Patients (N = 91) with a mean baseline HbA(1c) value of 7.7% (range: 6.2-10.3%) were randomized to sitagliptin (n = 65) or placebo (n = 26). After 12 weeks, the mean change [95% confidence interval (CI)] from baseline in HbA(1c) was -0.6% (-0.8, -0.4) in the sitagliptin group compared with -0.2% (-0.4, 0.1) in the placebo group [between-group difference (95% CI) = -0.4% (-0.7, -0.1)]. At 54 weeks, patients continuously treated with sitagliptin had a mean change (95% CI) from baseline in HbA(1c) of -0.7% (-0.9, -0.4). The overall incidence of adverse experiences was generally similar between groups. Between-group differences in incidences of specific clinical adverse experiences were generally small; however, the proportion of patients for whom hypoglycaemia was reported was lower in the sitagliptin group (4.6%) compared with the placebo/glipizide group (23.1%). Consistent with the high mortality risk in this patient population, there were six deaths during this 54-week study [5 of 65 patients (7.7%) in the sitagliptin group and 1 of 26 patients (3.8%) in the placebo/glipizide group]; no death was considered by the investigator to be drug related. The overall incidences of drug-related and serious adverse experiences and discontinuations because of adverse experiences were generally similar between groups.

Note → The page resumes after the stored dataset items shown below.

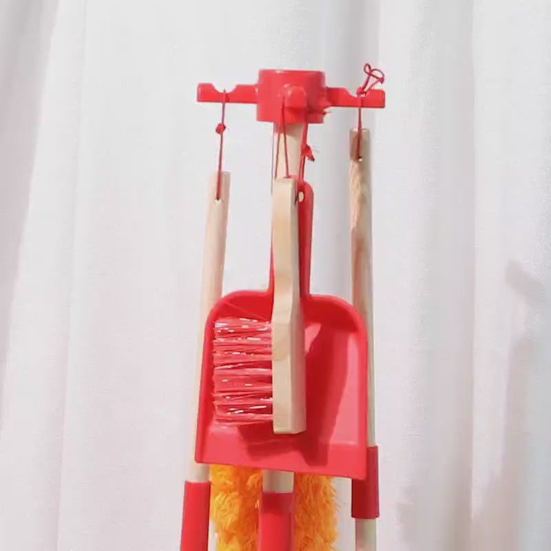Perfect for teaching kids responsibility through play, this set encourages imaginative scenarios as they mimic adults in their daily chores.1 storage stand, 1 mop, 1 duster, 1 broom, 1 brush, and 1 dustpan.
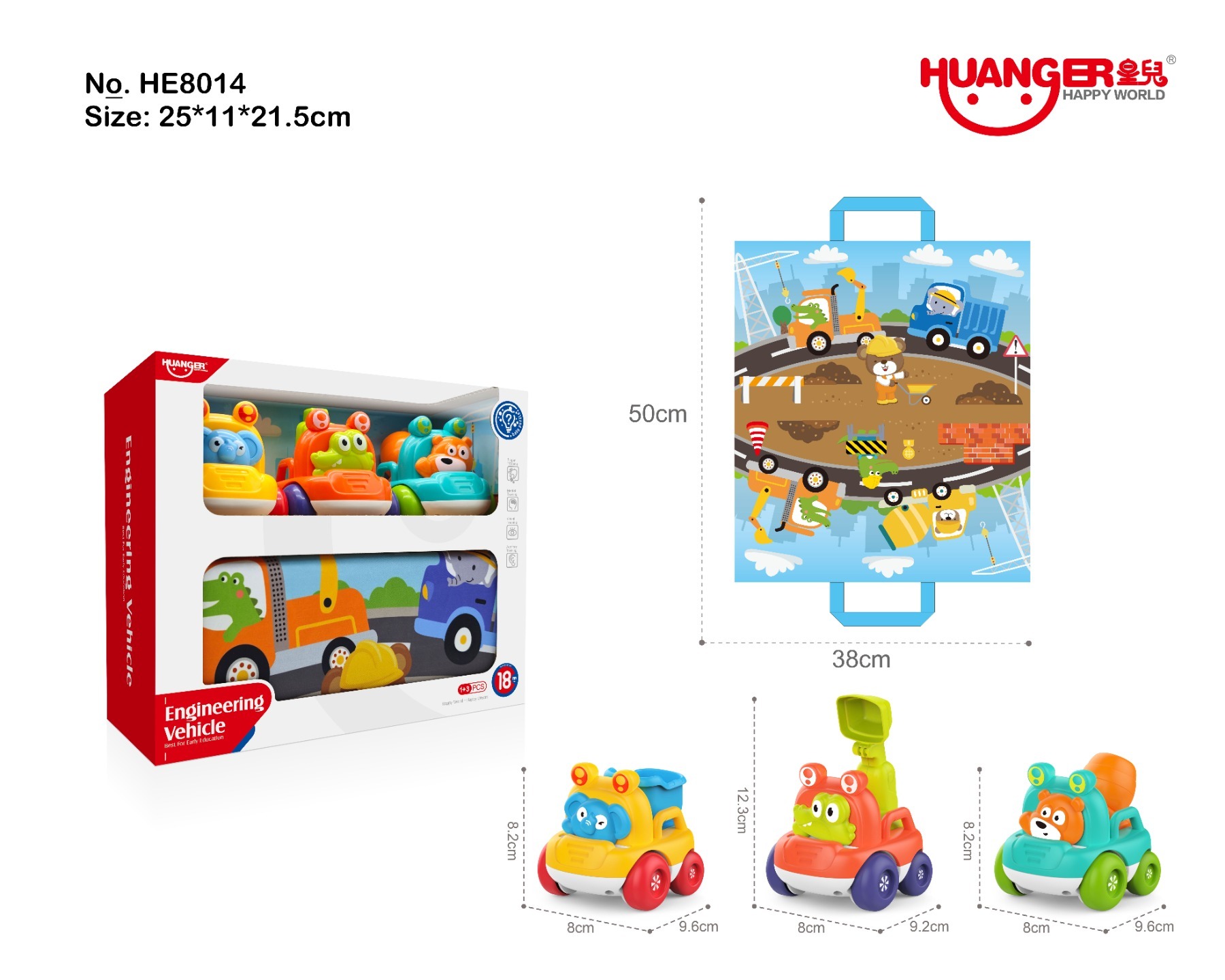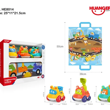 HE8014 CARTOON ENGINEERING VEHICLE+CLOTH BAG (MIXER TRUCK+DUMP TRUCK+EXCAVATOR TRUCK)
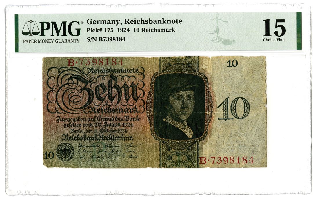 Germany. 1924. 10 Reichsmark, P-175, Issued banknote, Dark green and red-lilac, S/N B7398184, PMG graded Choice Fine 15.
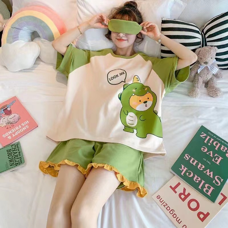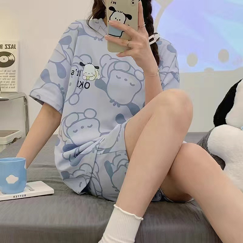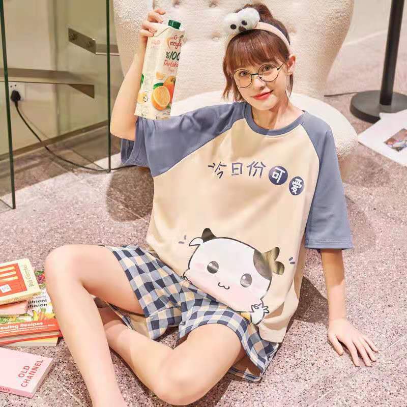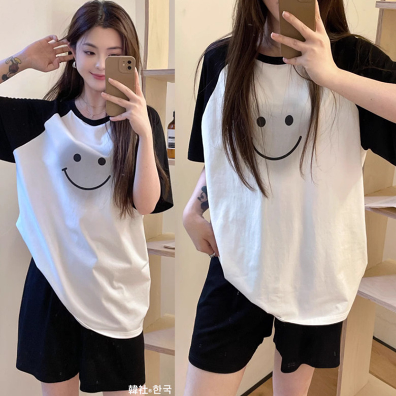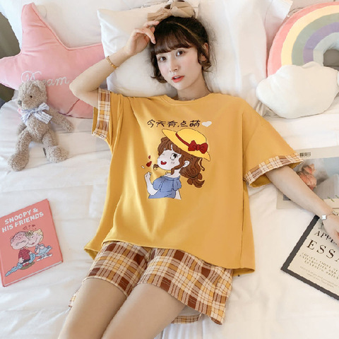 Главная страница > Женская пижама, летняя свободная Милая Пижама с короткими рукавами и героями мультфильмов, Женская Повседневная простая Домашняя одежда контрастных цветов в Корейском стиле

In this study, sitagliptin was generally well tolerated and provided effective glycaemic control in patients with type 2 diabetes and moderate to severe renal insufficiency, including patients with ESRD on dialysis.
评估西格列汀在2型糖尿病合并中度[肌酐清除率(CrCl)≥30至<50 ml/分钟]或重度肾功能不全[CrCl<30 ml/分钟,包括接受透析的终末期肾病(ESRD)患者]患者中的安全性。同时评估西格列汀在该患者群体中的疗效。
在一项为期54周的随机、双盲、平行组研究中,将基线糖化血红蛋白A1c(HbA1c)值为6.5 - 10%的患者按2:1分配至西格列汀组(治疗54周)或先接受安慰剂治疗12周,随后接受格列吡嗪活性治疗42周的序列组。为使血浆浓度与每日服用100 mg西格列汀的肾功能正常患者中观察到的浓度相似,中度肾功能不全患者分配至接受每日一次西格列汀50 mg,重度肾功能不全患者分配至接受每日一次25 mg。格列吡嗪治疗起始剂量为2.5或5 mg/天,最大滴定至20 mg/天。
平均基线HbA1c值为7.7%(范围:6.2 - 10.3%)的91例患者被随机分配至西格列汀组(n = 65)或安慰剂组(n = 26)。12周后,西格列汀组HbA(1c)自基线的平均变化[95%置信区间(CI)]为-0.6%(-0.8,-0.4),而安慰剂组为-0.2%(-0.4,0.1)[组间差异(95%CI)=-0.4%(-0.7,-0.1)]。在54周时,持续接受西格列汀治疗的患者HbA(1c)自基线的平均变化(95%CI)为-0.7%(-0.9,-0.4)。不良事件的总体发生率在两组之间通常相似。特定临床不良事件发生率的组间差异通常较小;然而,西格列汀组报告低血糖的患者比例(4.6%)低于安慰剂/格列吡嗪组(23.1%)。鉴于该患者群体的高死亡风险,在这项54周的研究中有6例死亡[西格列汀组65例患者中有5例(7.7%),安慰剂/格列吡嗪组26例患者中有1例(3.8%)];研究者认为没有死亡与药物相关。药物相关和严重不良事件以及因不良事件停药的总体发生率在两组之间通常相似。
在本研究中,西格列汀总体耐受性良好,在2型糖尿病合并中度至重度肾功能不全(包括接受透析的ESRD患者)患者中提供了有效的血糖控制。